La politique de défense et de sécurité en Méditerranée vue par Rome et Paris – Convergences et divergences franco-italiennes depuis 2011

Mémoire réalisé par Axel GAUTHIER, réalisé sous la direction de Monsieur Walter Bruyère-Ostells.

RÉSUMÉ

La France et l’Italie entretiennent des relations complexes. La Méditerranée qui les unit, est redevenue un théâtre de conflit et une priorité stratégique majeure. Entre la fin 2017 et le début de l’année 2019, les tensions entre les deux pays ont fait l’objet d’une couverture médiatique de plus en plus régulière. Ces tensions se sont accrues sur de multiples questions telles que leurs politiques et stratégies respectives adoptées en réponse à la crise libyenne, et leurs problèmes nationaux et sociaux respectifs, y compris la question des flux de migrations en Italie. Ce travail de recherche porte sur les enjeux de sécurité et de défense en Méditerranée et la complexité des relations franco-italiennes, en considérant la relation dynamique que ces deux facteurs ont nouée entre eux, et leurs implications concernant l’élaboration d’une politique de défense commune en direction de la rive Sud. Le but est à la fois de dresser un état des lieux et une mise en perspective dynamique de la convergence stratégique franco-italienne dans plusieurs composantes de la Méditerranée, afin d’en apprécier la cohérence d’ensemble mais aussi les éventuels conflits d’approche et d’intérêts sectoriels qui entravent son développement.

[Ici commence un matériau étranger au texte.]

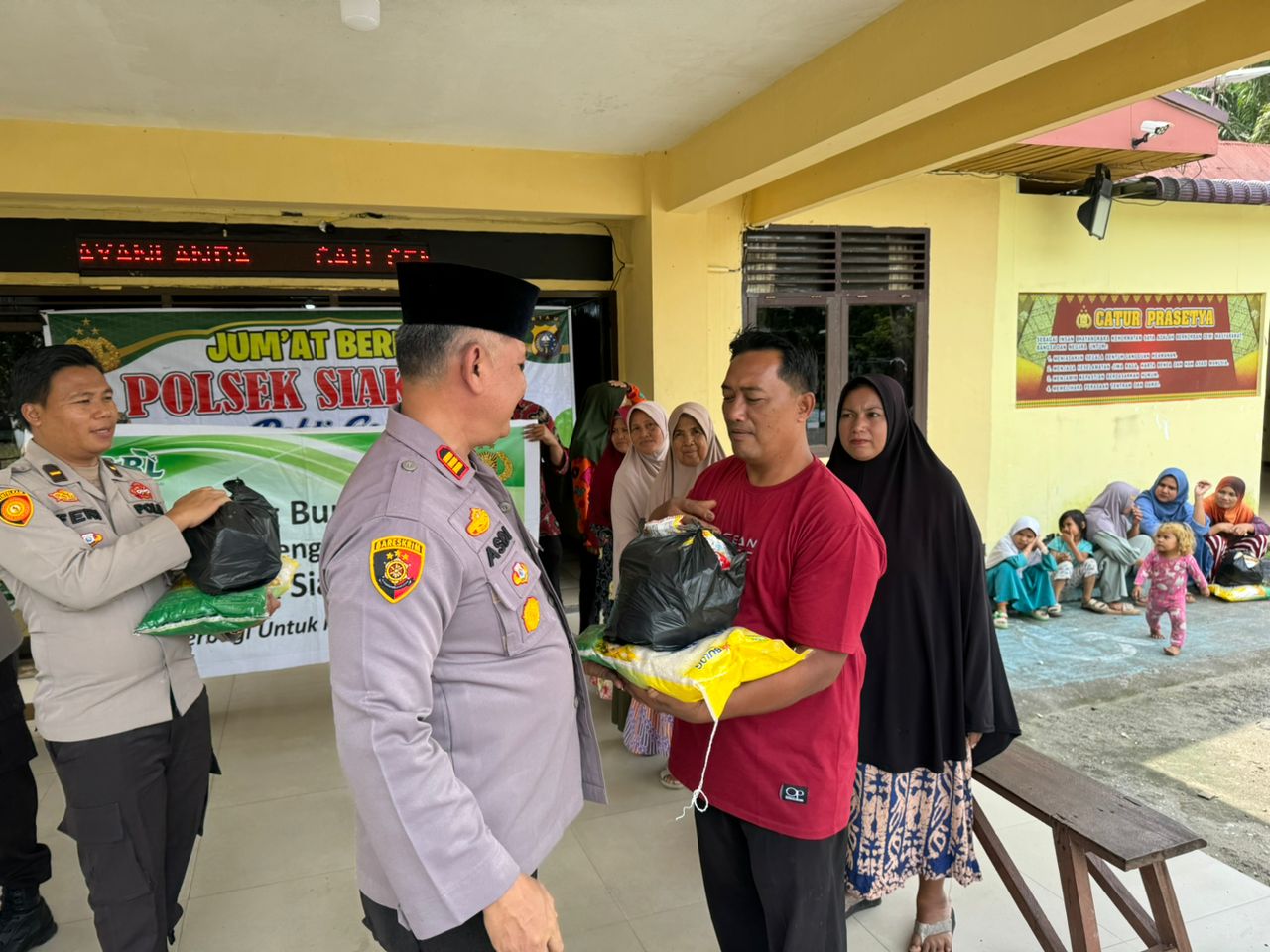 Kampar, Kegiatan Rutin Bantuan Sosial dalam giat Jumat Curhat dan Berkah kali ini dengan tema" Polri Presisi Mendukung Percepatan Transformasi Ekonomi Yang Inklusif dan Berkelanjutan Menuju Indonesia Emas". Kapolsek Siak Hulu AKP Asdisyah Mursyid, S.H di dampingi Waka Polsek AKP Yulius serta Jajaran Anggota bersama PT. Agung Bumi Lestari (ABL) yang dipimpin Sdr. M. Syarif Hidayatullah, S.H berkesempatan berbagi 20 Paket Sembako kepada warga kurang mampu. Jumat (12/7/2024)

Au cours de la dernière décennie, la France et l’Italie ont donc portée toute leur attention sur la Méditerranée, alors que de nouvelles menaces y émergeaient progressivement. Dans ce cadre, l’harmonisation de leurs démarches n’est pas toujours facile. La mise en rapport des cultures stratégiques, fait d’abord apparaître certaines divergences en termes d’emploi de la force militaire, et concernant l’efficacité de la contrainte armée en vue de la solution à apporter à des problématiques politiques complexes à l’intérieur des zones de crise. En matière de politique de défense, les deux pays conservent une culture et des représentations différentes.

Concernant leur projection et les scénarios de déploiement en Méditerranée, les deux États présentent également des différences en termes de priorités politico-stratégiques. Visiblement, l’insuffisance du dialogue stratégique concernant le Maghreb et le Sahel est un cas de figure, pour lequel on a pu constater une différence d’intérêts et d’approches. Le prisme sahélien de la France inclut par exemple la Libye dans un agenda régional de lutte contre le terrorisme, tandis que l’Italie a une vision principalement centrée sur Tripoli, en tant que zone économique privilégiée et plateforme de départ des flux de migrations. Si l’Italie a de fait progressivement intégré l’importance du Sahel, les motifs justifiant le renforcement de sa présence militaire dans la région dénotent bien une différence avec la France en termes d’objectifs politico-stratégiques.

Cette analyse et cette mise en perspective dynamique des différents scénarios fait enfin apparaître la nécessité d’une approche commune des facteurs transverses de l’espace méditerranéen, qui concentrent la majeure partie des difficultés. La relation triangulaire entre terrorisme, migration et instabilité nécessiterait un effort coordonné des gouvernements européens, pour s’attaquer à ces trois phénomènes à la source. La détérioration de la situation sécuritaire et humanitaire constituant une menace croissante, la France et l’Italie ont cherché et apporté des réponses stratégiques parfois divergentes au défi combiné de la menace djihadiste, des réseaux criminels transnationaux et des migrations. Il conviendrait ainsi d’adopter une approche commune au phénomène migratoire en Méditerranée, en tant que problème de sécurité transfrontalière de l’UE, et générateur de divergence sur le flanc sud. L’absence d’une prise en charge durable de cette problématique régionale, dont la détérioration menace à tout moment de se répercuter sur la relation bilatérale, continuera sans aucun doute d’accaparer l’attention de l’Italie dans l’ordre des priorités stratégiques.